I think what it really comes down to is what is available to you in Copenhagen. Can you get products by Hawk, Porterfield, etc? Rotors do not make much of a difference, its all about the pads and fluid you go with.


----------



## DK_GTI_racer (Oct 4, 2007)

*Re: Brake upgrade mk4 GTI - track days for fun (4ceFed4)*


_Quote, originally posted by *4ceFed4* »_I think what it really comes down to is what is available to you in Copenhagen. Can you get products by Hawk, Porterfield, etc? Rotors do not make much of a difference, its all about the pads and fluid you go with.

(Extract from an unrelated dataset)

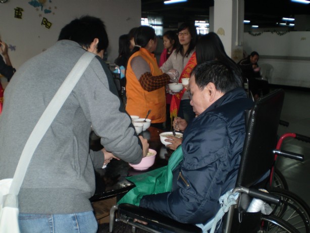 活动当天,大家首先给老人们送上满载祝福的拗九粥。刘利根等同学一边陪老人聊天拉家常,听老人讲他们当年艰苦的生活,一边向院领导询问了老人在老年院的生活状况。同学们有的给老人们喂水果,有的搀扶着双腿不便的老人,帮助他们进行康复锻炼。中午同学们准备了丰盛的午餐,并亲手喂到行动不便的老人口中。一天的活动,老人们欢声不断,笑语连绵,充满着祥合的气氛。

If im going with the oem style TT312 setup, i will definitely use SBS discs and pads - best i have ever tried - but my main concern is that i plan on run this car on nurnburgring (22km track) and i dont want calipers to give in, so i wanted a bit experience on what these oem calipers can handle...and of course the best fluid, i think we have every fluid availbe in cph, or else i will import it....as goes for everything else..
I dont want rotors for look!!!And why im looking at slotted rotors brembo GT1, the SBS discs i have is slotted and to my experince far better then drilled rotors from zimmermann or ebc etc...but i want something that dont give in after abusement a hole day on nurnburgring...
The reason im looking at brembo GT1 is because it has 4pistons calipers, to my understanding its less chance of all pistons failing - like oem only has 1 piston and bigger chance of fading also clamping force is bigger because it clamps on both sides, right or wrong?
PS! so far never experienced failed breaking or fading, but i dont wanna experience it on the track either, so better safe then sorry


----------



## [email protected] (Sep 14, 2006)

*Re: Brake upgrade mk4 GTI - track days for fun (DK_GTI_racer)*

If you decide to go with a set of Hawk Pads (we recommend HP Plus for track days), let us know and we'll give you a great price on a set.


----------



## DK_GTI_racer (Oct 4, 2007)

*Re: Brake upgrade mk4 GTI - track days for fun ([email protected])*


_Quote, originally posted by *[email protected]* »_If you decide to go with a set of Hawk Pads (we recommend HP Plus for track days), let us know and we'll give you a great price on a 
set.

Thanks mjm, i might go with HP plus pads, but im just all puzzled about why everyone is on the neck in this forum on BBK, and i really dont care to much about the size on the rotors(they could be stock size for all i care), why and what im asking about BBK is because of the calipers, their should be less chance of them failing, right or wrong?im sure stock calipers and rotors with good pads can brake just as good, but is their a bigger chance they will lock or piston failure etc.?i think so, but dont know - hence my posts


----------